Sometimes, God uses a sermon to get people’s attention. Sometimes, He uses a pandemic.
Western Europe, a region teeming with spiritual darkness, has proven to be a harvest field with little interest in the gospel. One national partner with East-West named Ivan* has been faithfully tilling the soil of this mission field for more than two decades. He has attempted multiple evangelistic strategies—prayer walks, street interviews, gospel postcards, classes—with little to no fruit from each effort. Some have come to faith, Ivan said, but “most have either thrown it out the window or put it on the shelf of their minds.”
But things changed when COVID-19 entered Europe.
Governments began to shut down businesses and services as the virus spread from country to country. Busy streets became quiet as people were ordered to stay at home. Thousands became sick, many losing their lives.
Fear, panic, and trepidation began to peer through the veil of contentment many Europeans had.
“But at the same time, there is a huge time of opportunity,” Ivan said. “We are seeing people open to help, and also very receptive to significant spiritual conversations with our neighbors.”
Soon after lockdowns began, Ivan and his wife started receiving messages from friends in their home country, across Europe, and even outside of Europe. These friends, many of whom were not believers, asked how Ivan and his wife were handling the pandemic.
“We are fine,” Ivan would reply. “I am glad you asked. Let me explain to you why.”
These messages opened the door to spiritual conversations with friends who were previously closed off to the gospel. Ivan and his wife prayed with their friends, talked to them about their fears, and explained the hope they have in Jesus. Several friends have professed faith in Christ. Others, though not ready to take a leap of faith, have been exploring the Bible in greater depth.
The lockdown has also freed up time for Ivan to have more intentional one-on-one conversations with the young church leaders he is discipling. By having the chance to ask more personal questions, he has discovered ways to better shepherd these church leaders based on their spiritual needs.

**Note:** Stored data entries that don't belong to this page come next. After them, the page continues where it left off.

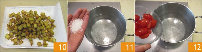 Placez-les sur un plateau recouvert de papier absorbant pour éliminer l'excès d'huile 10. Portez l'eau à ébullition dans une casserole, salez à votre goût 11 et ajoutez 4 tomates cerises 12.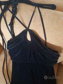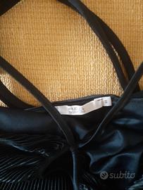 Vendo vestito nero taglia 44 usato una volta. Tessuto plisse', possibilità di mettere cintura che fa parte dell'abito o lasciarlo scendere libero. Chiusura incrociata intorno al collo, scollatura con "goccia" davanti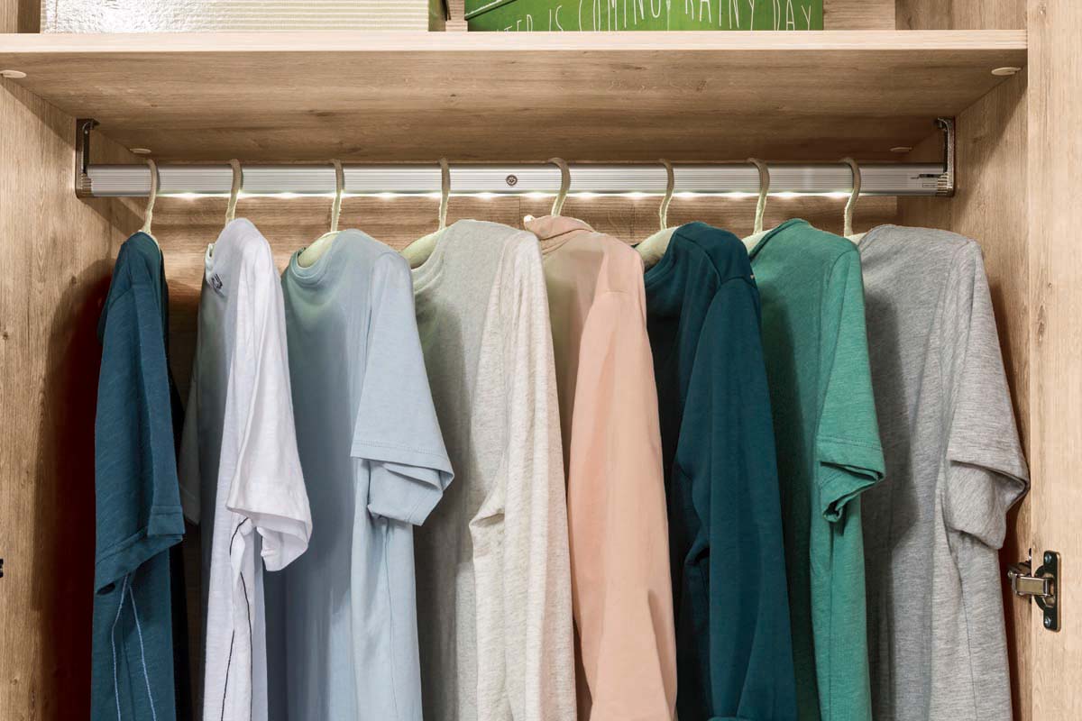 - links: 1 Kleiderstange mit Beleuchtung, 2 Fachböden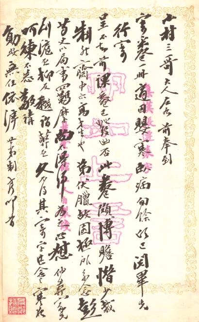陶氏于光緒五年(1879)四月任湖南學(xué)政,其使用的“守如上言”花箋,應(yīng)是當(dāng)?shù)匚挠殃愂赜匏洝9饩w六年(1880)六月,他因母喪守制卸任返鄉(xiāng)。札中有“弟伏臘故園極所系念。彭芍丈以局事羈縻,尚不得歸,為之心惄?!痹圃疲馑际撬芟牖剜l(xiāng),但湖南巡撫彭祖賢以“局事”(修通志局之事)相“羈縻,尚不得歸”。因此,這封信札是陶方琦在光緒六年六月卸任之前所寫,據(jù)札中“適因嬰寒,臥病旬余”“寒夜呵凍”等語,知此札系年當(dāng)為光緒五年末到六年初之間。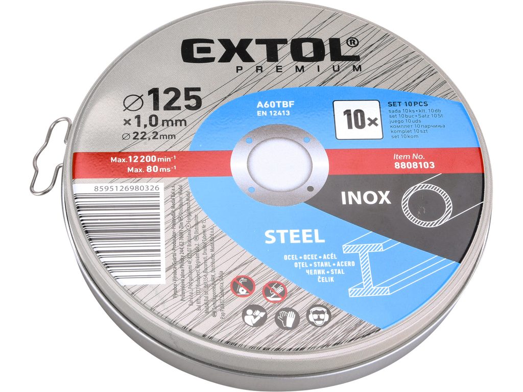 Buďte první, kdo ohodnotí "EXTOL PREMIUM kotouč řezný na ocel/nerez, 10ks, O 125x1,0x22,2mm, 8808103"
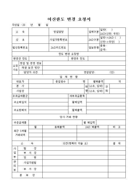 여신한도에 대해 변경을 요청할 때 사용하는 양식으로 개인인적사항과 한도변경요청란, 업체현황, 당사거래 현황등의 내용으로 구성되어 있는 양식입니다.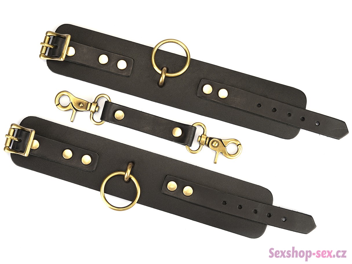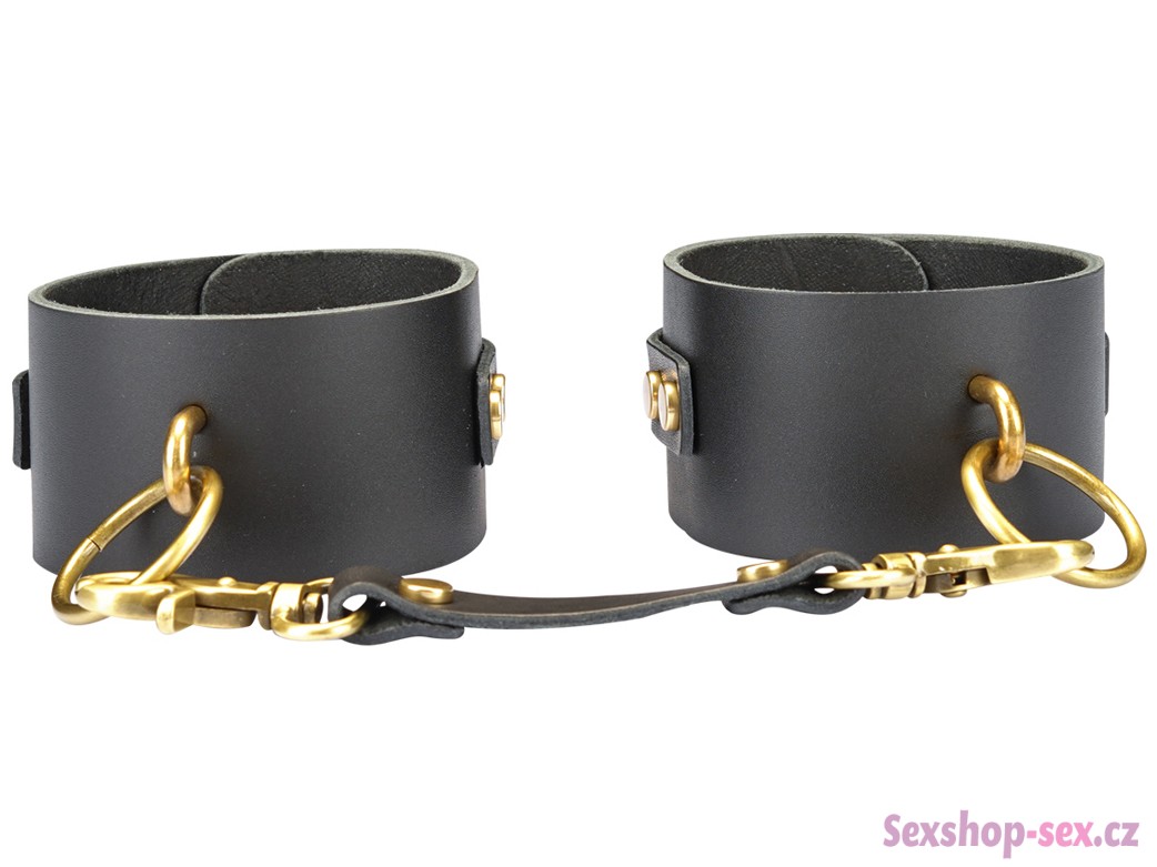Pouta jsou vyrobená z tlusté hovězí kůže – jsou pevná a odolná a hodí se i na drsnější BDSM hry. Jsou spojená koženým páskem s rychloupínacími karabinkami.

He has begun training one leader on basic Bible study methods and another leader on biblical principles for emotional health.
It took a pandemic to open up new evangelism and discipleship channels in the ministry, Ivan said. The fruit sprouting from this once dry mission field is evidence of God’s sovereignty in the midst of chaos and tragedy. Ivan has seen first-hand the urgency of continuing the mission, even in a global health crisis.
“We believe this is a time of awakening in Europe,” he said. “There is a receptivity that I have not seen in 22 years connected and serving in this precious land.”
*Identity changed for security purposes.